Title: Somebody Out There (7/15)
Author: silverphoenix
Rating: PG-13
Disclaimer: This story is based on characters and situations created and owned by JK Rowling, various publishers including but not limited to Bloomsbury Books, Scholastic Books and Raincoast Books, and Warner Bros., Inc. No money is being made and no copyright or trademark infringement is intended.
Summary: In the middle of a war, there are going to be casualties. This is inevitable. When two people lose their friends, they come to realise that death is not the end of happiness.
SOMEBODY OUT THERE
Part Seven: Believing
Hermione keeps a diary. I was rather surprised when she told me, as I have always associated diaries with 'girly' girls, giggling over secrets and hiding notebooks under mattresses. When we were in our sixth year at Hogwarts, Pansy Parkinson nearly turned purple in the face when Millicent found her diary and read it.
Millicent is dead. Pansy is in Azkaban.
It is funny how things change.
After reading Hermione's - she told me to read it - I have been inspired to keep my own.
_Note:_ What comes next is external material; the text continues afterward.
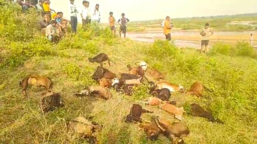रायपुर / अभनपुर। छत्तीसगढ़ के गोबरा नवापारा तहसील क्षेत्र के पारागांव में आज दोपहर एक बड़ा हादसा हो गया। महानदी तट के पास आकाशीय बिजली गिरने से 27 बकरी-बकरों की मौके पर ही मौत हो गई, जबकि 7 मवेशी गंभीर रूप से घायल हो गए हैं।

Hermione intends for hers to be published, but I am not sure if that is the intention of mine. I always think of diaries as private possessions, and the idea of writing it to be read seems to contradict that in my mind.
It sounds foolish, but I would like to be a man who makes a difference in this War. I probably will not; I am just one soul in this dark world, but I try to make things right. We are given choices in this world and I, Blaise Zabini, am choosing to stand up and fight for what I believe in.
I am not a hero, nor will I become one. I will not have a day of celebration in my honour. I will not have a statue cast in my image. But I will be free. It seems so far out of reach at the moment, and I sometimes feel that my faith is constantly dripping away. I believe in myself.
The people who do not know him call Harry Potter a hero. They say that he will be the saviour of the wizarding community and the one who finally rids us of Voldemort. Those of us who are acquainted with the wizard know that he simply does what he has to do to survive. He is no more of a hero than anyone else is. For him, more than anyone else, it is a case of kill or be killed.
There was a time when I could not say Voldemort's name. Now I can. Things change.
As it stands, I wake up bent and broken from my Auror training and I wonder if this is my fate. Had there not been a war, had I not become friends with Hermione, I think that I would be happy to live off my inheritance. Even if that had happened, it would have been giving in. It was what everyone expected me to do. I could have fled the country by now - left this all behind me - but I did not. I chose to stay. I could not do that.
To flee would be to leave behind the people about whom I care. Hermione, for one. She would never leave England and I understand that. When the time comes, she will be at the front line, ready for whatever they throw at her.
When the time comes, I will be stood beside her, ready to give my life for hers.